Memoirs (Vieux Souvenirs) of the Prince de Joinville eBook

François d'Orléans, prince de Joinville
This eBook from the Gutenberg Project consists of approximately 403 pages of information about Memoirs (Vieux Souvenirs) of the Prince de Joinville.

Memoirs (Vieux Souvenirs) of the Prince de Joinville eBook

François d'Orléans, prince de Joinville
This eBook from the Gutenberg Project consists of approximately 403 pages of information about Memoirs (Vieux Souvenirs) of the Prince de Joinville.

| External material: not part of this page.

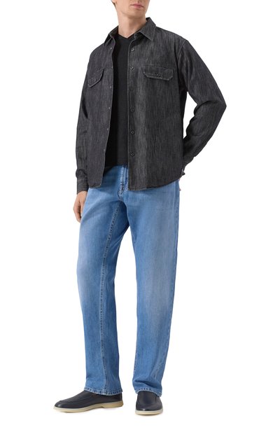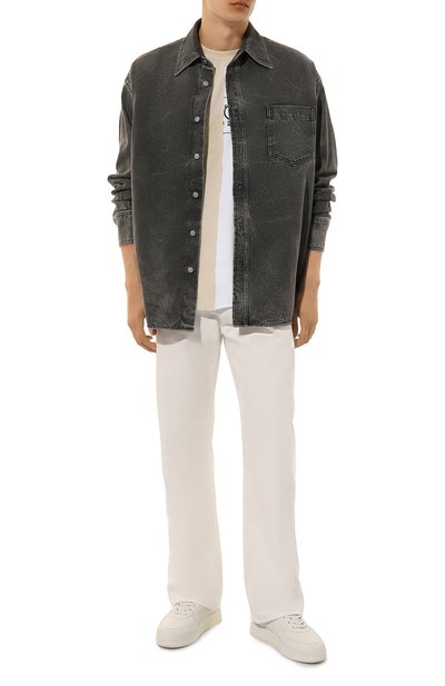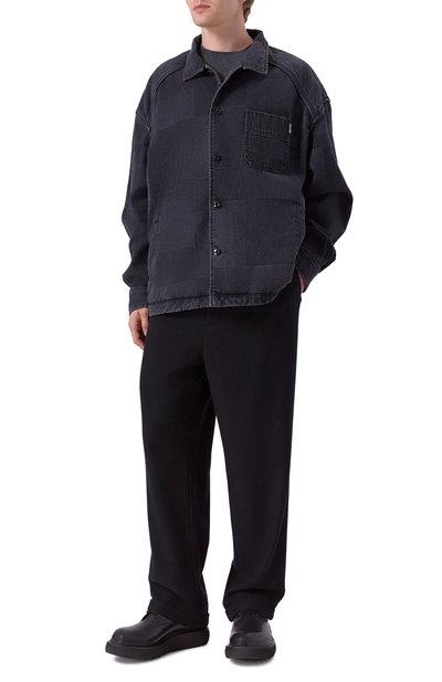 Джинсовую куртку силуэта oversize сшили из хлопкового денима. Модель с супатной застежкой и рукавами реглан с патами дополнили двумя накладными карманами с клапанами.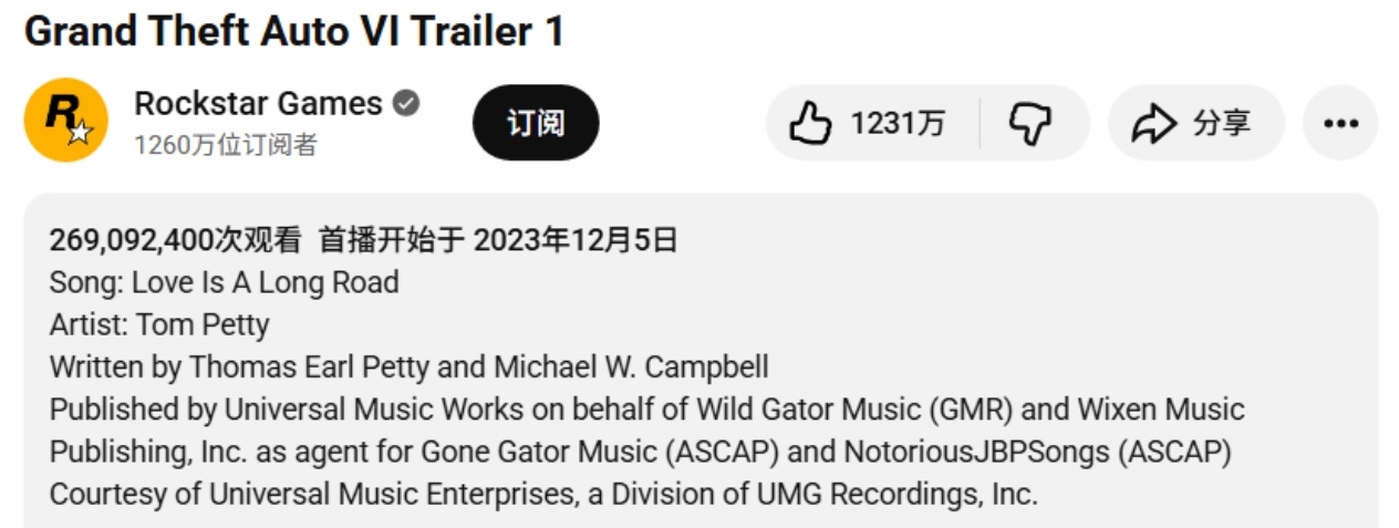 Rockstar Games《GTA6》首支预告片创下历史性成就——在未使用广告推广的情况下,该预告片在YouTube平台以2.69亿次观看量登顶无广告类预告片历史榜首。

I will not enlarge here on what has become the Newfoundland Question, which I have naturally had to study in all its aspects.  Suffice it to recall the fact that when the Island of Newfoundland became British territory, the conquerors ceded the exclusive right of fishing on half the coast to France, with the reservation that we were only to remain temporarily, during the fishing season, and have no permanent establishments on the island.  When these fishing rights were conceded to us (and they soon became very important, employing as they did over twenty thousand sailors, and turning the Newfoundland fisheries into one of the chief training grounds for our service sailors) the island was well-nigh uninhabited.  There are no opportunities for conflict in a desert country.  But little by little the island grew populous.  On the part where we had the fishing rights, the “French Shore,” a very limited, almost insignificant, English population gathered, and, oddly enough, we ourselves brought it there, desirous as we were to leave caretakers to look after and keep in order, from one season to the other, the indispensable establishments for the curing, drying, and salting of the codfish, which we ourselves could not occupy permanently.  Everywhere, during my cruise, I found this English population, living by us, and on excellent terms with our Newfoundlanders.  To such a pitch was the excellence of these terms occasionally carried, that paying a visit one day to a worthy sea-captain from St. Malo, who had laid up his ship during the fishing season, and settled on shore, in an English house, I saw two chubby children burst in, shouting “Papa, papa!” while a young and pretty Englishwoman, sitting by, never lifted her eyes from her work.  “The little geese,” said the worthy Breton, “see me so often, they’ve got into the habit of calling me papa!”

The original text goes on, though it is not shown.